За работой я – новое «Я» – задумываюсь о том, что происходит. Впрочем, само это слово не слишком уместно, ибо думаю я совсем не так, как прежде. Если уподобить мысль зрению, то всю предшествующую жизнь я мыслил как бы сквозь узенькую щелочку – а теперь стою на вершине горы. На любой вопрос, какой приходит мне в голову, тут же находится ответ, если только этот ответ известен какой-либо из частей моего «я». Я удивляюсь тому, что был избран для полета в небесах, спрашиваю себя, как возможно так точно рассчитать и силу моего прыжка, и скорость машины, и расстояние, но удивление мое длится недолго: в тот же миг, как об этом задумался, я уже знаю. Кто-то измерил ширину «горла» инопланетной машины; кто-то понял, что для уничтожения ее по размеру и форме идеально подойдет скрипичный корпус. Размер моей скрипки оказался подходящим, а сам я, с ней – ближе всего к месту действия. Я мог погибнуть. Женщина в «Испано-Сюизе» погибла. Однако это не важно и не страшно, как не страшно сломать ноготь, спасая ребенка из огня.
Не только все знания большого «Я» доступны мне теперь, но и все чувства. Потеря скрипки, из которой я не успел извлечь ни единой ноты, гнетет меня невыносимым горем; боль так велика, что ни пережитая опасность, ни лихорадочная работа не могут от нее отвлечь. Но, думая о своей боли, я ощущаю и чужую – многоголосую боль всех нас, столь странно соединенных во мне. Я знаю, что маленький мальчик в Америке, когда настал его час, бросился на гусеницы «танка», ибо большой разум – наш общий разум – рассчитал, что именно в этом месте и именно в эту секунду «танк» должен замедлить ход. Мне известно: этот мальчик по имени Генри страстно хотел жить, хотел как никогда раньше, ибо в последний час впервые перестал бояться и ощутил покой. Ему было больно умирать, а мне – большому «мне» – больно знать, что он мертв. Рядом с ним так же, без колебаний, принес себя в жертву еще один человек, Пол. Ему, наверное, было еще больнее – в последние минуты он думал о женщине, которую желал, которую мог получить за миг до превращения, но так и не получил. Столько людей гибнет в эти минуты по всему миру! И каждую смерть «Я» переживаю вместе с ними: это я умираю за рулем искореженной автомашины или в развалинах собственного дома, я, оглушенный, ползу прочь от огня и не успеваю уползти. Но и все они – раненые, умирающие – знают меня, Гвидо, и мою потерю. «Это нечестно, нечестно! – восклицают они, истекая кровью и умирая. – Ты не должен был так скоро потерять скрипку!» Все они со мной, все понимают меня и сострадают мне. Я не один! Я, Гвидо, больше не один, не один!!

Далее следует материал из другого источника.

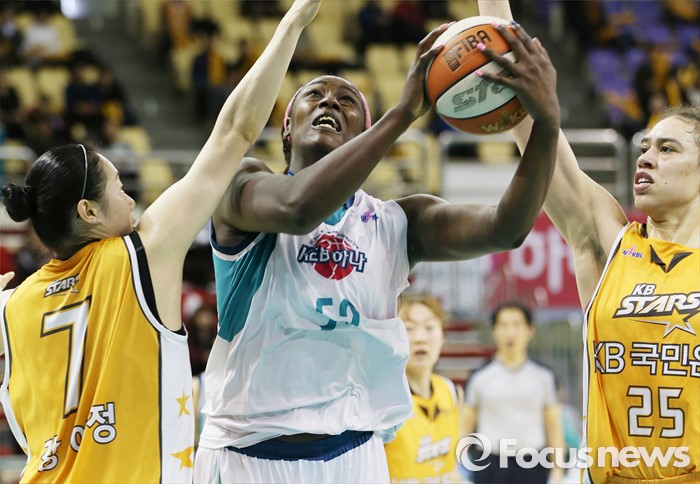 (부천=포커스뉴스) 6일 부천체육관에서 열린 2015-2016 여자프로농구 KEB하나은행-KB스타즈 경기에서 KEB하나 첼시 리가 KB스타즈 강아정과 햄비의 수비 사이로 골밑슛을 노리고 있다.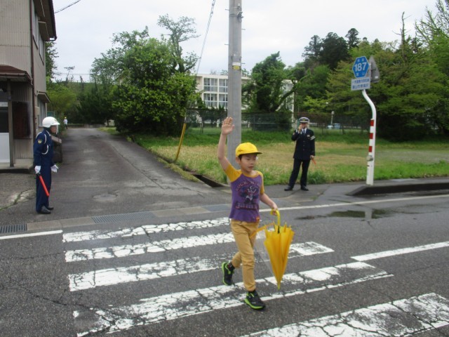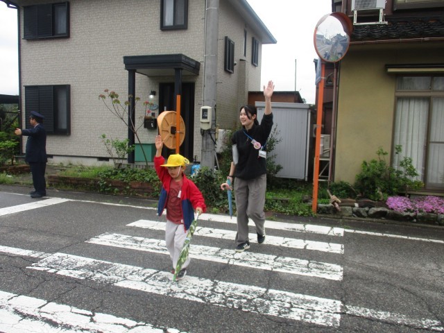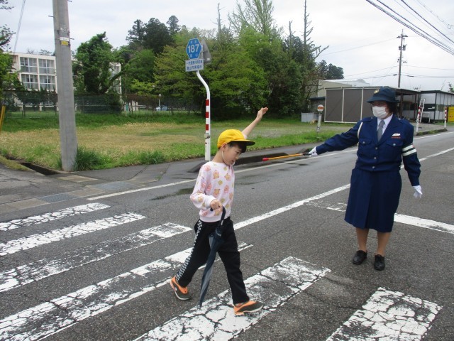 警察署の方から交通安全で気を付けるポイントとして①赤信号では渡らない。②横断歩道は手をあげて渡る。③横断歩道を渡る前に右左右を確認する。3つを教えていただきました。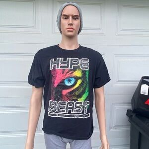 Black t-shirt with vibrant graphic design. Features bold 'Hype Beast' text and colorful eye detail.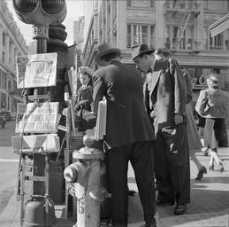 | Keywords: San Francisco Newspapers After Pearl Harbor Attack.jpg Corner of Montgomery and Market Streets Monday morning December 8 1941 after Japanese attack on Pearl Harbor San Francisco California Shows people looking at newspaper headlines Photo by John Collier via Library of Congress website http //www loc gov/pictures/item/fsa2000052846/PP/; high res TIF converted to jpg border cropped and contrast adjusted before uploading to Wikimedia Commons 1941-12-08 John Collier PD-USGov 1941 in San Francisco December 1941 in the United States Pearl Harbor attack Fashion in 1941 1941 newspapers Newspapers of San Francisco Fire hydrants in California 1941 photographs |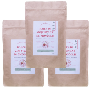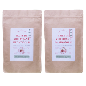 Loin des baies de goji traditionnelles, souvent sèches et sans saveur, nous vous proposons une véritable expérience gustative et sensorielle. Nos Baies de goji sont vivantes, une qualité rare qui se manifeste par leur texture exceptionnellement moelleuse et leur goût prononcé, rappelant un subtil mélange de canneberge et de cerise. Le secret de cette vitalité unique réside dans leur capacité à germer si vous les plantez, témoignage de leur fraîcheur et de la préservation de leurs propriétés. Cultivées en Mongolie, une terre d'origine authentique, elles sont ensuite conditionnées avec soin en Nouvelle-Aquitaine, garantissant un produit de la plus haute qualité.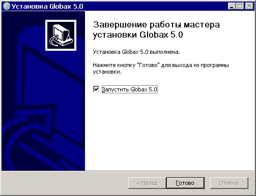 Нажмите Готово для запуска клиента. Если Вы не хотите запускать клиента сразу после установки, снимите ключ Запустить Globax перед тем, как нажать Готово.

Мы защищаемся отчаянно, не жалея сил, средств и собственных жизней, мы готовы все принести в жертву в этой битве, ибо никакая цена победы не будет слишком высока.

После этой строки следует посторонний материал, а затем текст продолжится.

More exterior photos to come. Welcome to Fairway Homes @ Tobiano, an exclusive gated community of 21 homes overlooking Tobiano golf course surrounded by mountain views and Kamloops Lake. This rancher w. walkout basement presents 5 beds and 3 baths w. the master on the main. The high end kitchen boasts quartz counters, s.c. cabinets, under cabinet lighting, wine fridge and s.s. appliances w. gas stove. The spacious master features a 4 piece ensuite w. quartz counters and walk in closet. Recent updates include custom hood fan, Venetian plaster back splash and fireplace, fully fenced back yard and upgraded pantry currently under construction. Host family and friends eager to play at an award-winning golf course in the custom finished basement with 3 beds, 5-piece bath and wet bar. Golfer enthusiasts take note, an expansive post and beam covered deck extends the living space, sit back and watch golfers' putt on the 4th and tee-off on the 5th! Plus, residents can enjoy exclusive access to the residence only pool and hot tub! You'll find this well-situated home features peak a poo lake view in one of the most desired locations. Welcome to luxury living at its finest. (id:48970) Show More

Мы о себе позаботимся. «Я» буду защищать «себя». Никто и ничто не помешает музыке Гвидо затопить «меня» и обогатить мир, а самому Гвидо – открыться для мира и обогатиться бесконечно и многообразно. Теперь мы умеем мыслить как никогда раньше, жить, как не жили никогда прежде; и эту новую жизнь стоит защищать так, как обитатели земли ничто и никогда еще не защищали.